Birmingham and Solihull learning and skills council announced the measure as part of its proposals to help workers affected by the demise of the Longbridge plant.

The move to help apprentices, whose training in automotive engineering and administration has been moved to Dudley college and Matthew Boulton college, in Birmingham, aims to stop them being lost to the industry.

Workers’ wives and partners will get free access to training across the region to develop their careers.

Julie Roberts, senior LSC manager, said: “We are committed to continuing apprentices’ training.

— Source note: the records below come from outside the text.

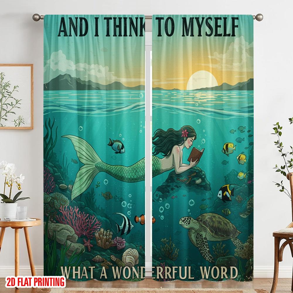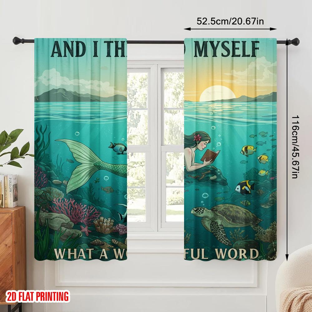 2pcs 2D flat printing Curtain Mermaid Reading Wonderful Ocean Polyester Fabric Without Electricity Festive Holiday Use for
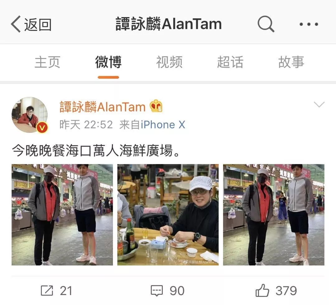 ↑譚詠麟低調現身海口丁村火車頭萬人海鮮廣場,與友人品嘗美味海鮮。圖片來源于譚詠麟微博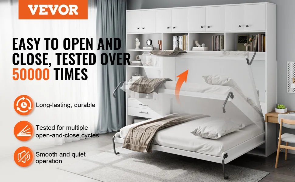 VEVOR Kit Letto a Scomparsa, Misura Completa, Kit di Ferramenta Meccanica Letto a Muro Deluxe Fai da Te, Supporto Telaio Letto per Impieghi Gravosi con Leva Pneumatica, Letto a Muro Pieghevole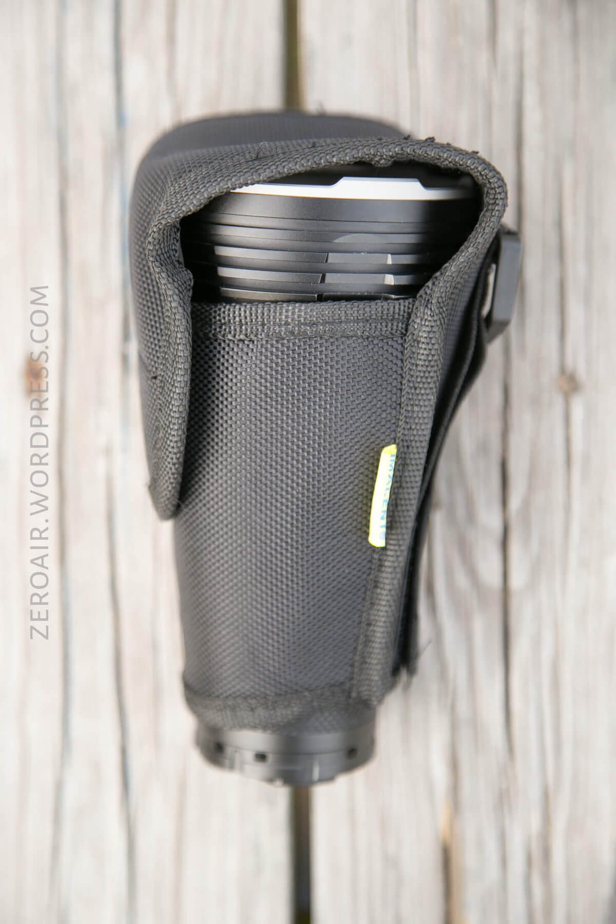 Imalent includes a directional nylon pouch. The bottom is open, and the light hangs out a little. The straps are double, with one being velcro and detaching at the bottom.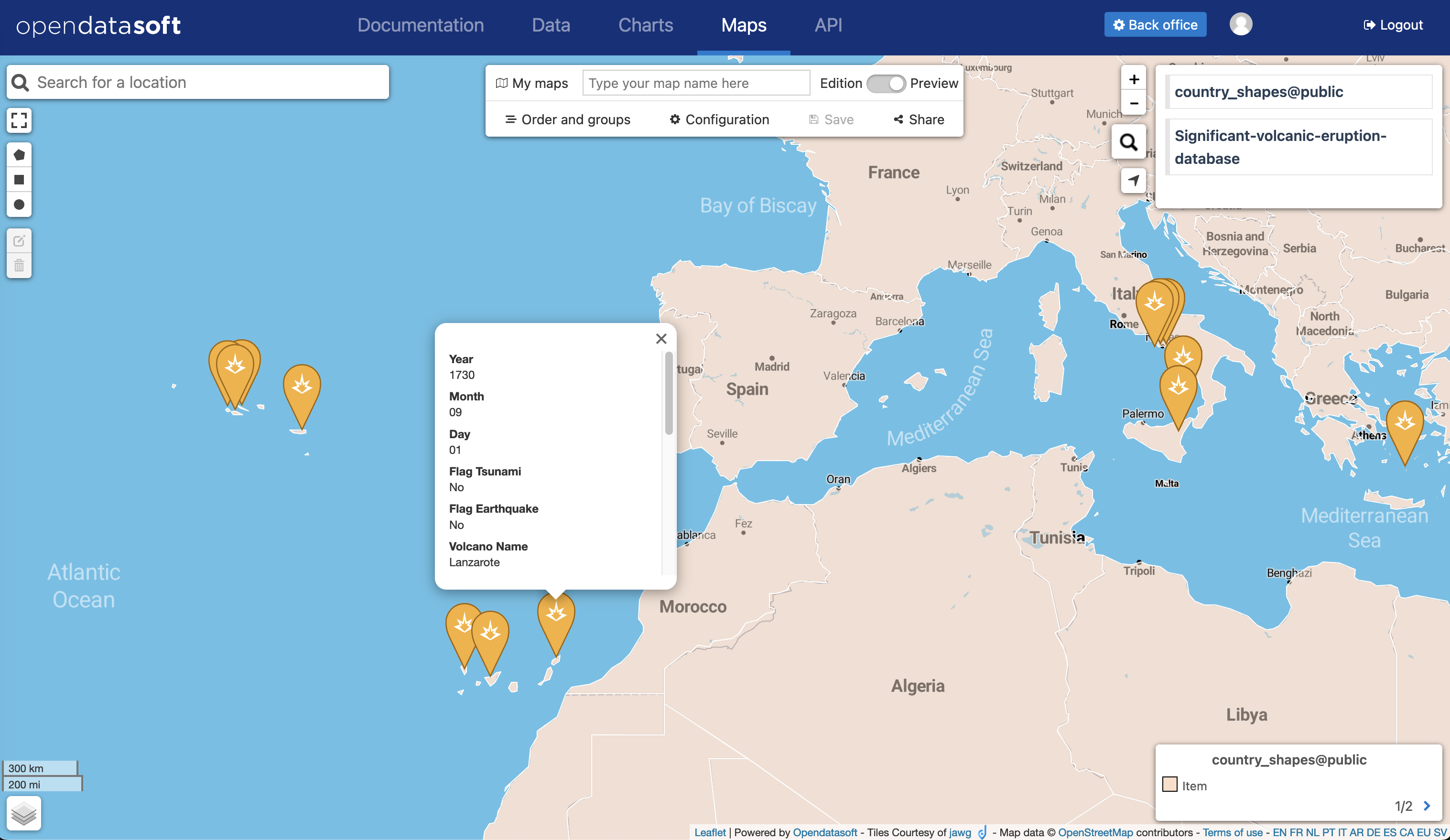 The interactive map displays your data. You can navigate on your Maps map to play with this data.

We have agreed they will be given their training until they find new jobs and will be paid their wage equivalent for the next six weeks.”

She said the LSC was working with EEF, the engineering and construction industries association, to find employers willing to take on the apprentices.

David Cragg, chief executive of Birmingham and Solihull LSC, said: “We need to keep apprentices in the industry, and there is a danger that if we don’t cover their wages they will go elsewhere.”

He said he was trying to secure the future of 400 apprentices working at Rover dealerships, many of whom could lose their jobs through garage closures.

“This is a complex issue,” he said. “There are around 8,000 jobs in Rover dealerships and about 4,000 are vulnerable - mostly in small independent dealerships.

“At this stage we are clear that there will probably be a higher-than-average impact on the West Midlands because more people drive Rovers here. We will take on a duty of care with apprentices to ensure their training is not disrupted.”

Sixteen colleges across the West Midlands have agreed to waive fees for partners of redundant Rover workers if they begin a course before July 31.

Jobcentre Plus has had more than 2,000 vacancies posted with it from firms interested in taking on former workers from the car manufacturer, which went into administration on April 15 with the loss of more than 5,000 jobs.